When a judge acts as a trespasser of the law, when a judge does not follow the law, the judge loses subject-matter jurisdiction and the judge's orders are void, of no legal force or effect. The U.S. Supreme Court, in Scheuer v. Rhodes, 416 US 232; 94 SCt 1683, 1687 (1974) stated that "when a state officer acts under a state law in a manner violative of the Federal Constitution, he "comes into conflict with the superior authority of that Constitution, and he is in that case stripped of his official or representative character and is subjected in his person to the consequences of his individual conduct. The State has no power to impart to him any immunity from responsibility to the supreme authority of the United States." [Emphasis supplied in original].
By law, a judge is a state officer. The judge then acts not as a judge, but as a private individual (in his person).

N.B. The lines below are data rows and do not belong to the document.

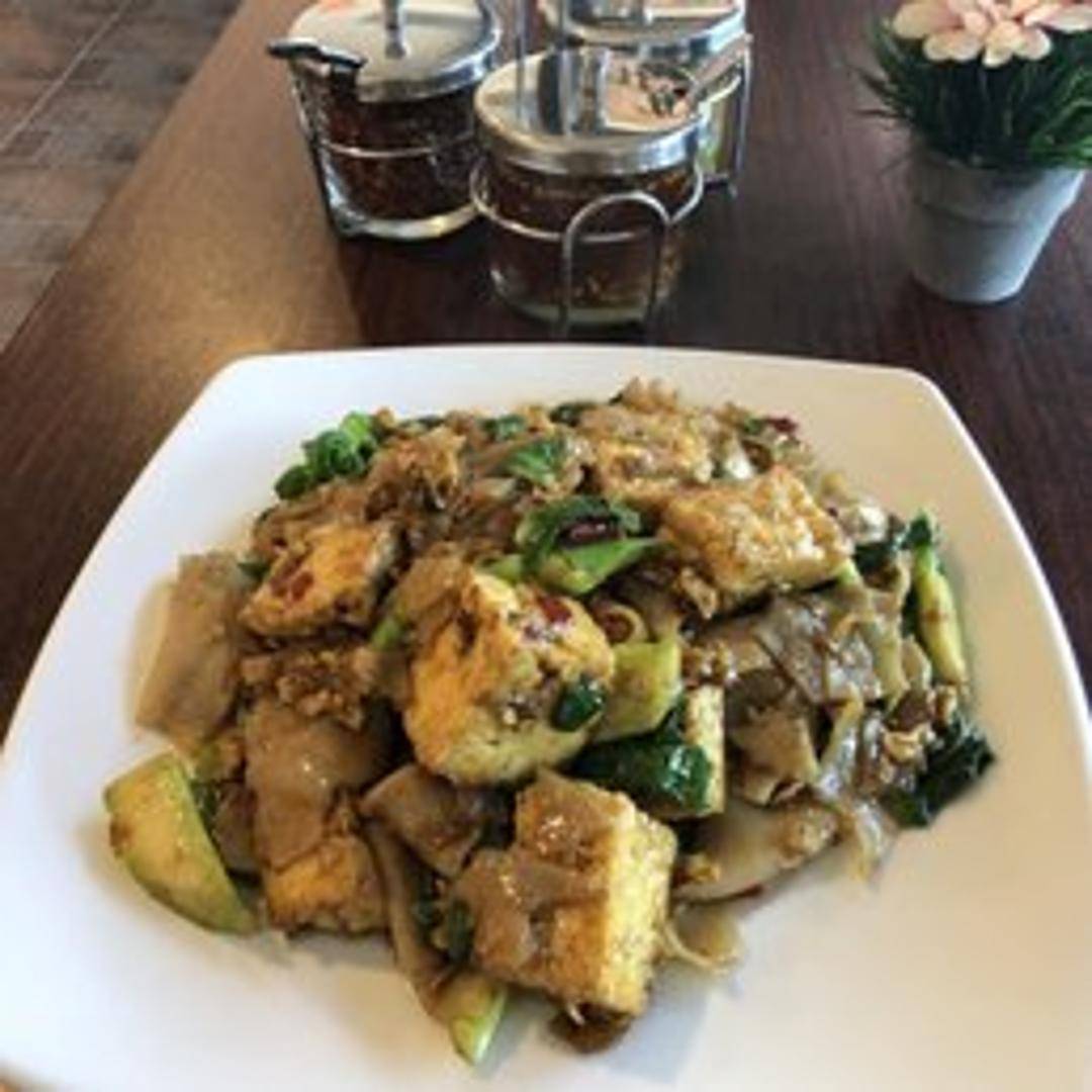 Discover the comforting flavors of Pad See Ew. This beloved stir-fried noodle dish features wide, flat rice noodles expertly wok-tossed with egg and fresh Chinese broccoli in a rich, dark soy sauce. The noodles acquire a delightful smoky char from the high heat of the wok, creating a truly satisfying and savory experience with every bite.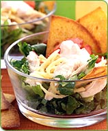 of 4 salad bowls. Place 1/4 of lettuce, chicken, tomatoes and cheese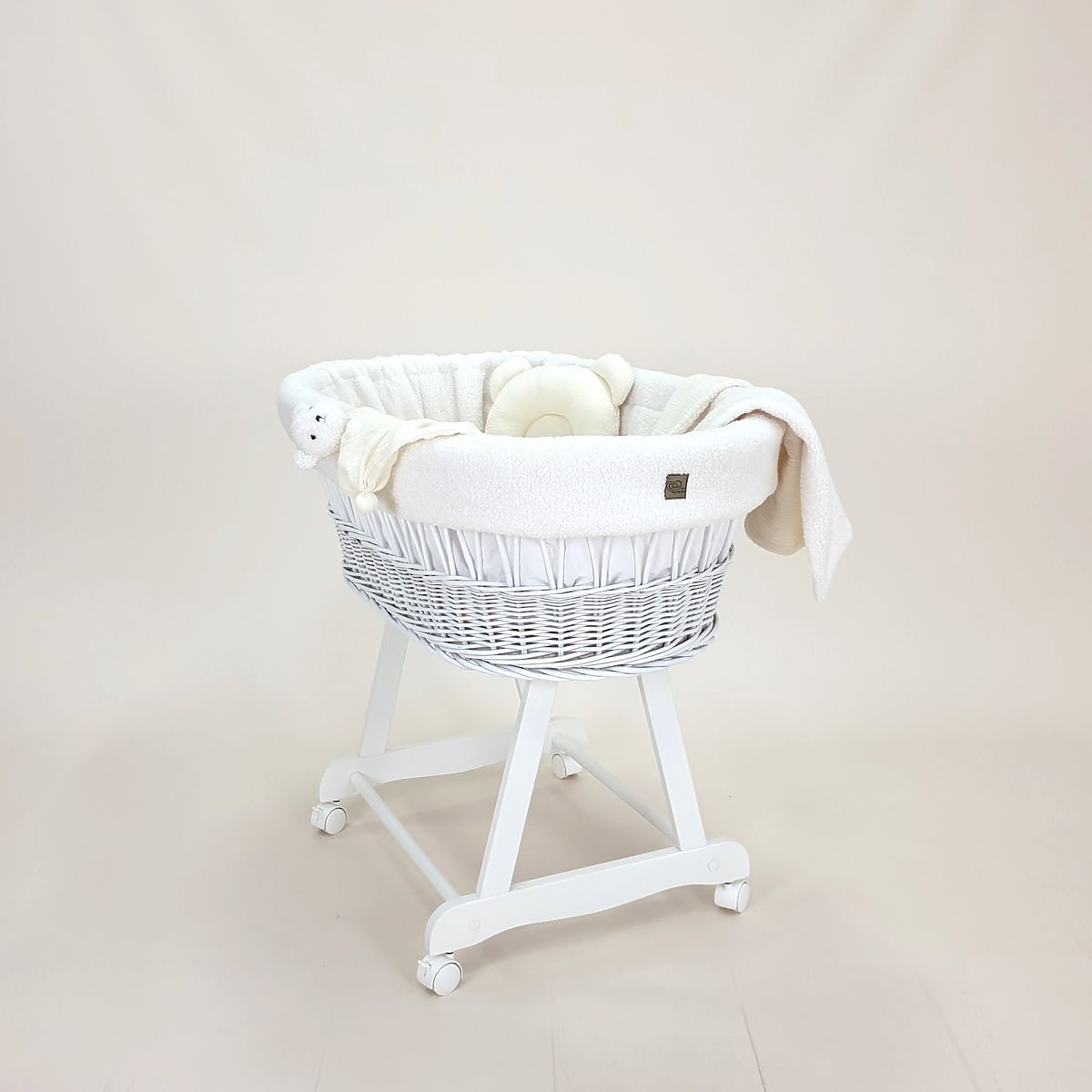 Babynabytek.cz » Dětský nábytek / Postýlky / Proutěné postýlky / Bílá proutěná Teddy postýlka pro miminko - výbava v barvě ecru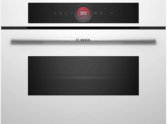 Духовой шкаф Bosch CMG7241W1 - это высококачественный прибор, который сочетает в себе элегантный дизайн и продуманные функции. Белый цвет корпуса идеально впишется в любой интерьер кухни. Благодаря объему в 45 литров, шкаф способен удовлетворить потребности даже большой семьи. Управление прибором осуществляется с помощью сенсорных элементов и 2.5-дюймового цветного TFT-дисплея, который обеспечивает простоту и удобство использования. Шкаф оборудован электронными часами и таймером, что позволяет контролировать процесс приготовления блюд и избегать пережаривания.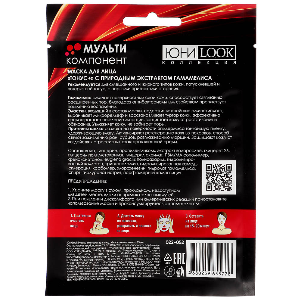 ЮНИLOOK Маска тканевая для лица Мультикомпонент, 25мл, 3 вида
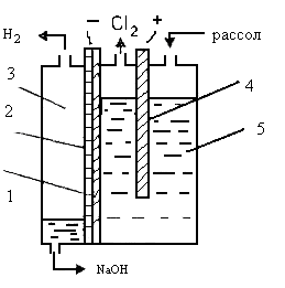 Рис. 2. Электролизер вертикального типа: 1 – перфорированный катод, 2 – диафрагма, 3 – катодное пространство, 4 – анод, 5 – анодное пространство. Электролизер состоит из герметически закрытого корпуса, что исключает подсос воздуха и загрязнение им газообразных продуктов электролиза, анода, катода и диафрагмы. Он снабжен устройствами для подвода рассола и отвода щелока, хлора и водорода. Катод Таблица 2Характеристики электролизеров с железным катодом и металлооксидными анодами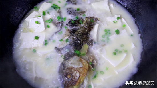 20分钟过后我们可以往里面加入几块嫩豆腐,鲫鱼汤加豆腐是绝配,豆腐不需要煮太久,大概再煮上5分钟的样子就可以了。最后撒上一点葱花就可以起锅了。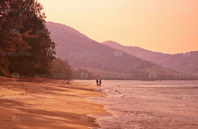 Пара гуляет по пляжу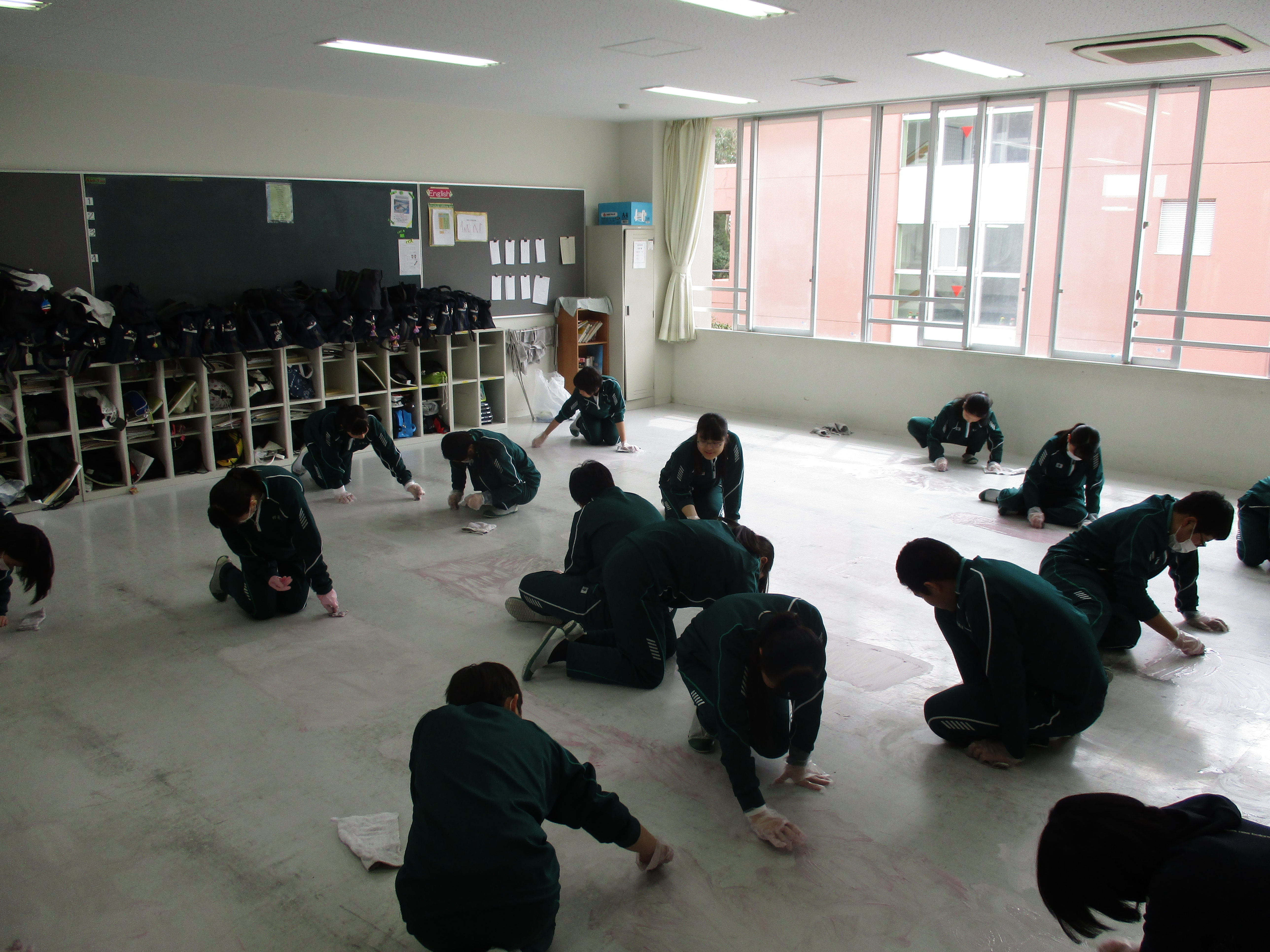 本日は全校美化の日のため大掃除を行いました。1年間お世話になった教室を感謝の気持ちを込めてきれいにしました。身体だけでなく、掃除の仕方や協力する様子に成長を感じられました。明日は卒業式です。中学3年生の皆さん、おめでとうございます。緊張しているかもしれませんが、3年間の思いを心に刻み、堂々と卒業していってください。下級生の皆さんは感謝とお祝いの気持ちをこめて送り出しましょう。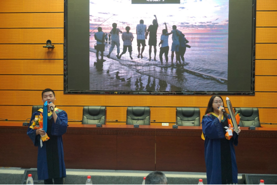 副院长朱红涛代表学院为毕业生赠送纪念品,希望大家带着学院美好真挚的祝福踏上新的征程。

In Illinois, 705 ILCS 205/4 states "Every person admitted to practice as an attorney and counselor at law shall, before his name is entered upon the roll to be kept as hereinafter provided, take and subscribe an oath, substantially in the following form: 'I do solemnly swear (or affirm, as the case may be), that I will support the constitution of the United States and the constitution of the state of Illinois, and that I will faithfully discharge the duties of the office of attorney and counselor at law to the best of my ability.'"
In Illinois, a judge must take a second oath of office. Under 705 ILCS 35/2 states, in part, that "The several judges of the circuit courts of this State, before entering upon the duties of their office, shall take and subscribe the following oath or affirmation, which shall be filed in the office of the Secretary of State:
'I do solemnly swear (or affirm, as the case may be) that I will support the constitution of the United States, and the constitution of the State of Illinois, and that I will faithfully discharge the duties of judge of ______ court, according to the best of my ability.'" Further, if the judge had enlisted in the U.S. military, then he has taken a third oath. Under Title 10 USC § 502 the judge had subscribed to a lifetime oath, in pertinent part, as follows: "I, __________, do solemnly swear (or affirm) that I will support and defend the Constitution of the United States against all enemies, foreign or domestic; that I will bear true faith and allegiance to the same; . . . ."
The U.S. Supreme Court has stated that "No state legislator or executive or judicial officer can war against the Constitution without violating his undertaking to support it." Cooper v Aaron, 358 US 1; 78 S Ct 1401 (1958).
Any judge who does not comply with his oath to the Constitution of the United States wars against that Constitution and engages in acts in violation of the Supreme Law of the Land. The judge is engaged in acts of treason.
Having taken at least two, if not three, oaths of office to support
the Constitution of the United States, and the Constitution of the State
of Illinois, any judge who has acted in violation of the Constitution is
engaged in an act or acts of treason (see below).
If a judge does not fully comply with the Constitution, then his
orders are void, In re Sawyer, 124 US 200 (1888), he/she is without jurisdiction, and he/she has engaged in an act or acts of treason.
Whenever a judge acts where he/she does not have jurisdiction to act, the judge is engaged in an act or acts of treason, United States v Will, 449 US 200, 216; 101 S Ct 471; 66 L Ed 2d 392, 406 (1980); Cohen v Virginia, 19 US (6 Wheat) 264, 404; 5 L.Ed 257 (1821).